_Material shown_
* * * * *

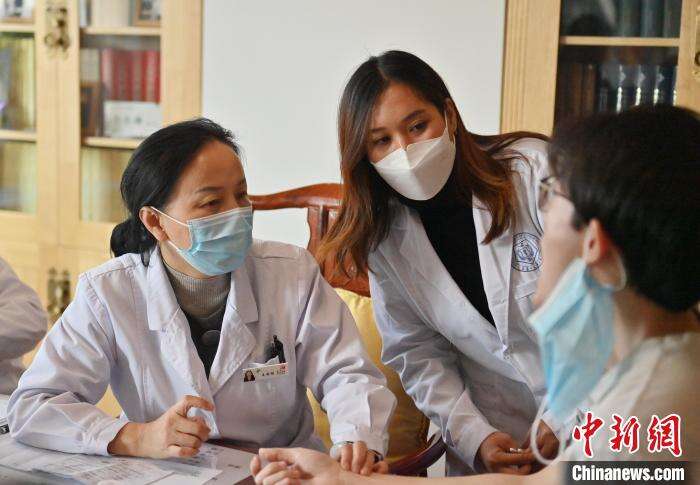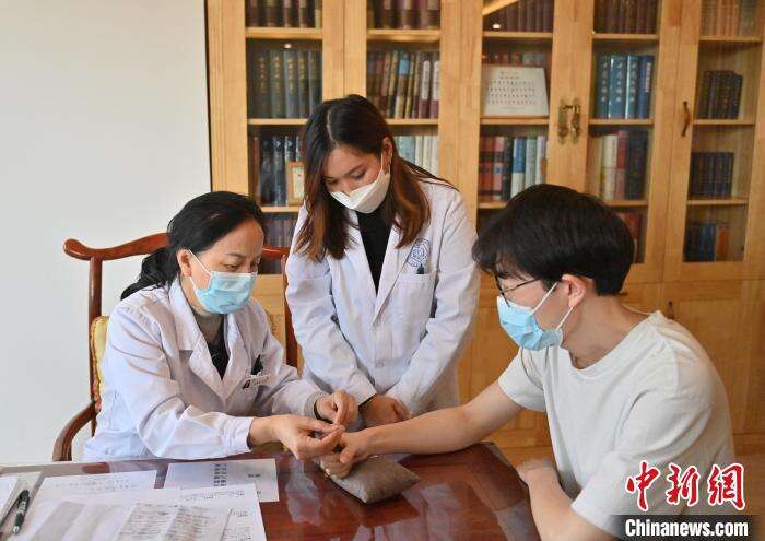 10月23日,吉林长春,老师在指导林玉花(中)为患者舌诊。中新社记者 张瑶 摄
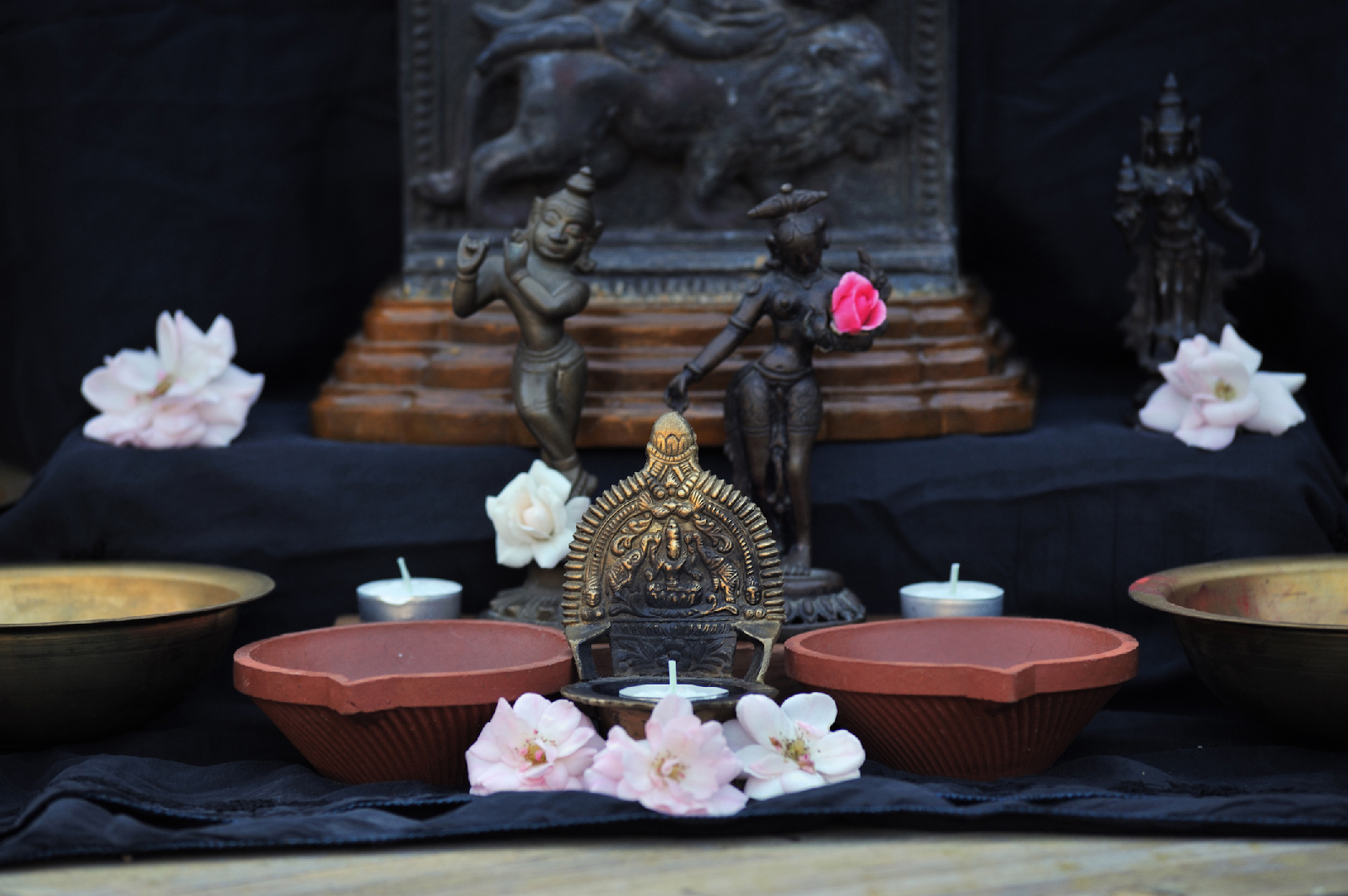 Enrica, arrivata dalla Calabria, vive a Roma dove insegna Yoga e fa la performer, mentre sistema le candele sul palcoscenico racconta “Lavoro nel settore dello spettacolo, mi occupo anche di arte circense. Ho letto l’annuncio di Ganga che invitava le danzatrici a partecipare ad un seminario finalizzato alla creazione dello spettacolo sulla femminilità e sulla preghiera e ho deciso di partecipare. Insieme a me c’erano altre danzatrici provenienti da altre parti del mondo: dall’India, dal Cile, dagli Stati Uniti, siamo state ospitate a casa di Ganga e abbiamo ballato nel suo studio e chiacchierato nel suo giardino. È stato molto bello incontrare tante persone diverse accumunate dallo stesso fine e dagli stessi interessi: l’amore per l’India e per la danza, intesa da Ganga come offerta spirituale agli altri e a Dio, ognuno al suo Dio.Mi auguro di poter continuare a collaborare con Ganga” conclude, mentre continua a preparare le lucerne e a spargere petali di fiori colorati.
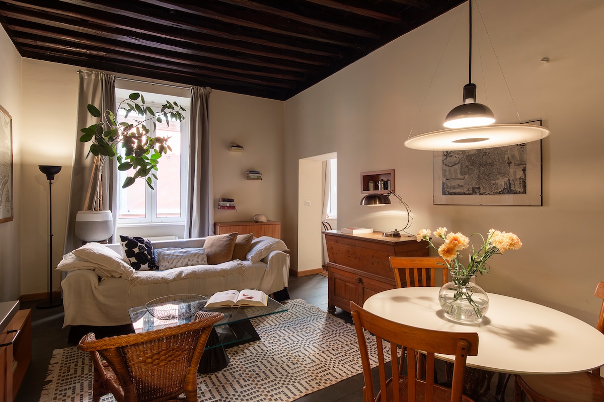 Rome, historic center,in the heart of the city, 200 meters from Piazza Navona and 3 minutes from Trastevere, very close to Campo di Fiori and Piazza Farnese, Elegant attic 170mq + terrace very bright and quiet,.The central position allows you to reach on foot and in a few minutes : Piazza Navona, the Pantheon, Piazza Farnese,Trastevere, Trevi Fountain, Spanish Steps and the shopping streets, the Colosseum, and the most important archaeological sites and major museums and major monuments.
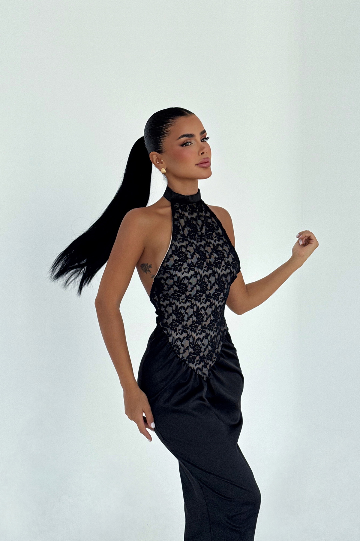Siyah Marlo Dantel Detaylı Saten Elbise – Zarif ve Feminen Tasarım
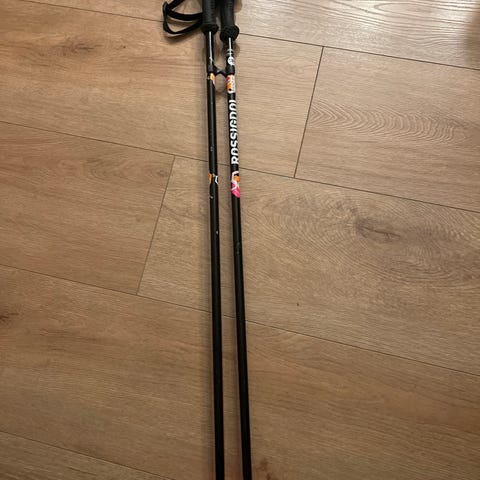 Atomic skistaver i rød farge. Passer til alpint / slalom. Staver med håndtak. Nesten ikke brukt
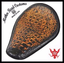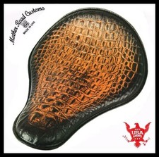 Spring Solo Seat Chopper Harley Sportster Bobber 11x14 Antique Brown Alligator
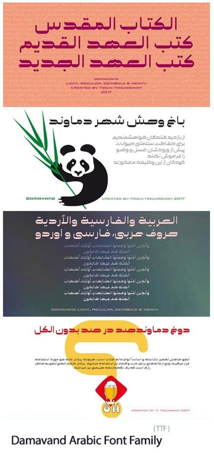 Damavand is designed by Naghi Naghashian. It is a Font family, in 5 weights, Light, Regular, DemiBold, Bold and Heavy. This font is a contribution to modernisation of Arabic typography, gives the font design of Arabic letters real typographic arrangement und provides more typographic flexibility. Damavand supports Arabic, Persian and Urdu.
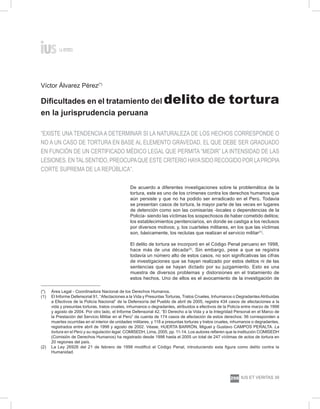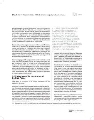 El documento discute las dificultades en el tratamiento del delito de tortura en la jurisprudencia peruana. Señala que a pesar de que la tortura se incorporó al Código Penal peruano en 1998, todavía hay un alto número de casos que no han sido investigados o juzgados. También indica que la definición de tortura en el Código Penal es más limitada que en instrumentos internacionales, y que el elemento de "gravedad" ha sido una barrera para establecer la tortura en muchos casos. Finalmente, analiza cómo la juris
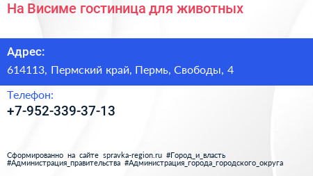 На Висиме, гостиница для животных по адресу 614113, Пермский край, Пермь, Свободы, 4 в дальнейшем Организация, размещена в следующих категориях:
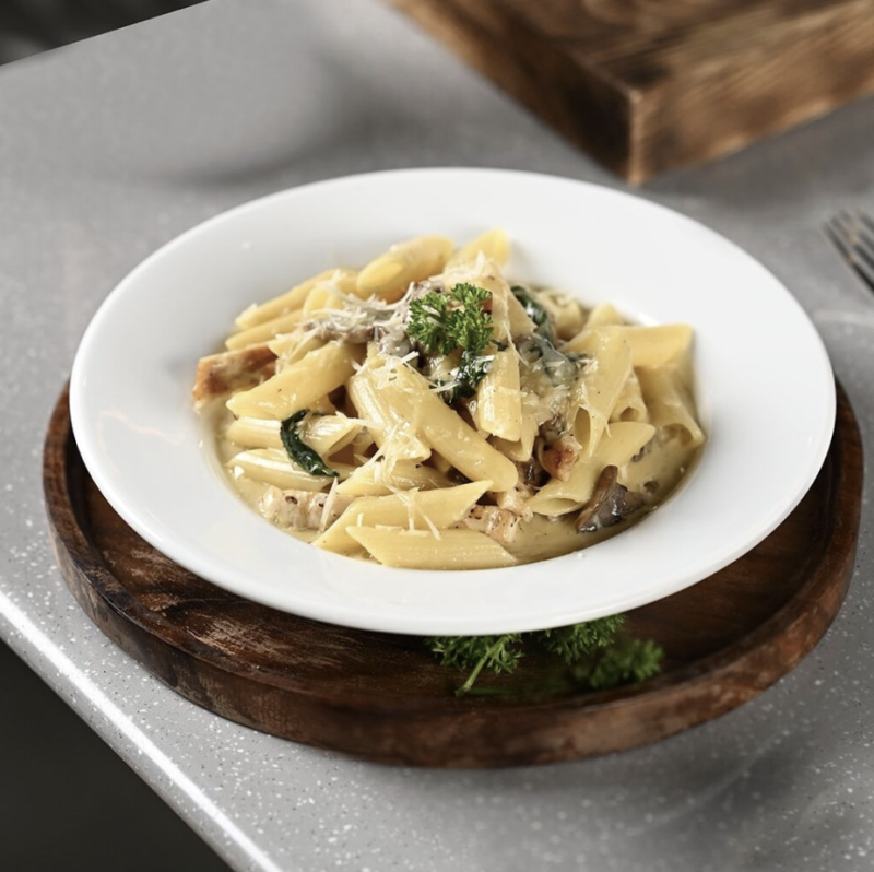 • Roasted Garlic and Mushroom Penne: Rich and creamy, with a base of parmesan sauce, roasted garlic, mushrooms, spinach, and grilled chicken.
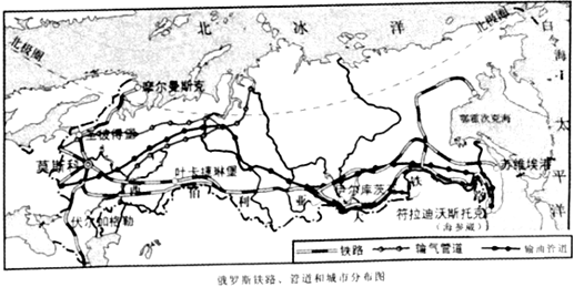 24.看电影也能学地理,跟着《囧妈》一起游俄罗斯。读“俄罗斯铁路管道和城市分布图”,完成8~10题。
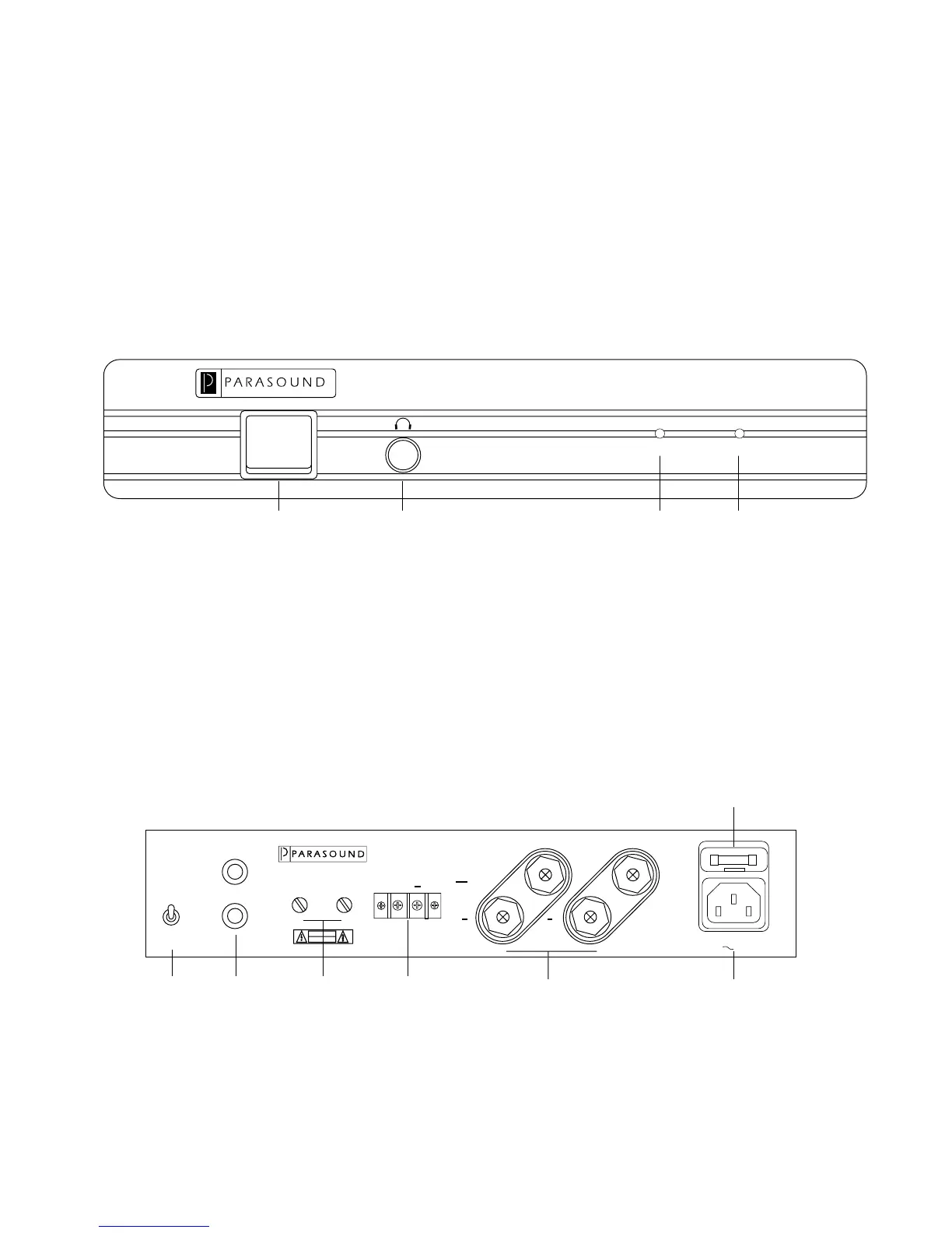 Parasound ZAMP - Zamp Front and Rear Panel Drawings; Zamp Front Panel Overview; Zamp Rear Panel Overview

* * * * *

_Aim of the exercise_
Although pictures appear among the records above, write out exactly only the lines from the one that has "Rome, historic center,in" through the one that has "Spring Solo Seat", and leave the pictures out.

_Exercise response_
 Rome, historic center,in the heart of the city, 200 meters from Piazza Navona and 3 minutes from Trastevere, very close to Campo di Fiori and Piazza Farnese, Elegant attic 170mq + terrace very bright and quiet,.The central position allows you to reach on foot and in a few minutes : Piazza Navona, the Pantheon, Piazza Farnese,Trastevere, Trevi Fountain, Spanish Steps and the shopping streets, the Colosseum, and the most important archaeological sites and major museums and major monuments.
Siyah Marlo Dantel Detaylı Saten Elbise – Zarif ve Feminen Tasarım
 Atomic skistaver i rød farge. Passer til alpint / slalom. Staver med håndtak. Nesten ikke brukt
 Spring Solo Seat Chopper Harley Sportster Bobber 11x14 Antique Brown Alligator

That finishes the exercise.